Start small: 5-7 metrics that matter Review often: Quarterly at minimum Kill ruthlessly: Remove metrics that don't drive action Stay contextual: What matters changes with your situation

Using with QE Agents

Automated Metrics Collection

qe-quality-analyzer collects and analyzes quality metrics:

// Agent collects comprehensive metrics automatically
await agent.collectMetrics({
  scope: 'all',
  timeframe: '30d',
  categories: [
    'deployment-frequency',
    'defect-escape-rate',
    'test-execution-time',
    'flaky-test-rate',
    'coverage-trends'
  ]
});

// Returns real-time dashboard data
// No manual tracking required

Intelligent Metric Analysis

qe-quality-analyzer identifies trends and anomalies:

// Agent detects metric anomalies
const analysis = await agent.analyzeTrends({
  metric: 'defect-escape-rate',
  timeframe: '90d',
  alertThreshold: 0.15
});

// Returns:
// {
//   trend: 'increasing',
//   currentValue: 0.18,
//   avgValue: 0.08,
//   anomaly: true,
//   recommendation: 'Increase pre-release testing focus',
//   relatedMetrics: ['test-coverage: decreasing', 'MTTR: increasing']
// }

Actionable Insights from Metrics

qe-quality-gate uses metrics for decision-making:

// Agent makes GO/NO-GO decisions based on metrics
const decision = await agent.evaluateMetrics({
  release: 'v3.2',
  thresholds: {
    defectEscapeRate: '<5%',
    changeFailureRate: '<10%',
    testExecutionTime: '<15min',
    flakyTestRate: '<2%'
  }
});

// Returns:
// {
//   decision: 'NO-GO',
//   blockers: [
//     'Flaky test rate: 4.2% (threshold: 2%)'
//   ],
//   recommendations: [
//     'Run qe-flaky-test-hunter to stabilize tests'
//   ]
// }

Real-Time Metrics Dashboard

qe-quality-analyzer generates live dashboards:

// Agent creates context-specific dashboards
await agent.createDashboard({
  audience: 'executive',  // or 'developer', 'product'
  focus: 'release-readiness',
  updateFrequency: 'real-time'
});

// Executive Dashboard:
// - Defect escape rate: 3.2% ✅
// - Deployment frequency: 5/day ✅
// - Change failure rate: 7% ✅
// - Customer-impacting incidents: 1 (down from 3)
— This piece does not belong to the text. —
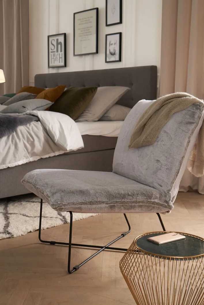 Der Sessel MITCH mit samtweichem Stoffbezug in dezentem Hellgrau verbindet modernen Sitzkomfort mit einer unkonventionellen und zeitlos unverkrampften Optik. Mit seinem charakteristischen Formdesign liegt der Sessel MITCH aus dem Hause QUARTIER voll im Trend: Die Kombination einer fast ausschließlich aus weicher Polsterung bestehenden Sitzfläche mit einer dazu völlig symmetrisch geformten Rückenlehne und einem äußerst filigran anmutenden Metallgestell ergibt eine Gesamtoptik, die sich gleichermaßen durch zeitlosen Charme und durch eine angenehme Fokussierung auf funktionale Aspekte wie den Sitzkomfort auszeichnet.

Metric-Driven Test Optimization

qe-regression-risk-analyzer uses metrics to optimize testing:

// Agent identifies which tests provide most value
const optimization = await agent.optimizeTestSuite({
  metrics: {
    executionTime: 'per-test',
    defectDetectionRate: 'per-test',
    maintenanceCost: 'per-test'
  },
  goal: 'maximize-value-per-minute'
});

// Recommends:
// - Remove 50 tests with 0% defect detection (save 15 min)
// - Keep top 200 tests (95% defect detection)
// - Result: 40% faster suite, 5% defect detection loss

Fleet Coordination for Metrics

// Multiple agents collaborate on metrics collection and analysis
const metricsFleet = await FleetManager.coordinate({
  strategy: 'quality-metrics',
  agents: [
    'qe-test-executor',         // Collect execution metrics
    'qe-coverage-analyzer',     // Collect coverage metrics
    'qe-production-intelligence', // Collect production metrics
    'qe-quality-analyzer',      // Analyze and visualize
    'qe-quality-gate'           // Make decisions
  ],
  topology: 'hierarchical'
});

// Continuous metrics pipeline
await metricsFleet.execute({
  schedule: 'continuous',
  aggregationInterval: '5min'
});

Context-Aware Metric Selection

// Agent recommends metrics based on context
const recommendation = await qe-quality-analyzer.recommendMetrics({
  context: 'startup',
  stage: 'early',
  team: 'small',
  compliance: 'none'
});

// Recommends:
// - deployment-frequency (speed to market)
// - critical-path-coverage (protect revenue)
// - MTTR (move fast, fix fast)
//
// Skip:
// - comprehensive coverage %
// - detailed traceability
// - process compliance metrics

Related Skills

Core Quality Practices:

Testing Approaches:

Development Practices:


Resources

  • Accelerate by Forsgren, Humble, Kim (DORA metrics)
  • How to Measure Anything by Douglas Hubbard (measuring intangibles)
  • Your own retrospectives (which metrics helped? Which didn't?)

Metrics are tools for better decisions, not scorecards for performance reviews. Use them wisely.

With Agents: Agents automate metrics collection, detect trends and anomalies, and provide context-aware recommendations. Use agents to make metrics actionable and avoid vanity metrics. Agents continuously analyze what drives quality outcomes in your specific context.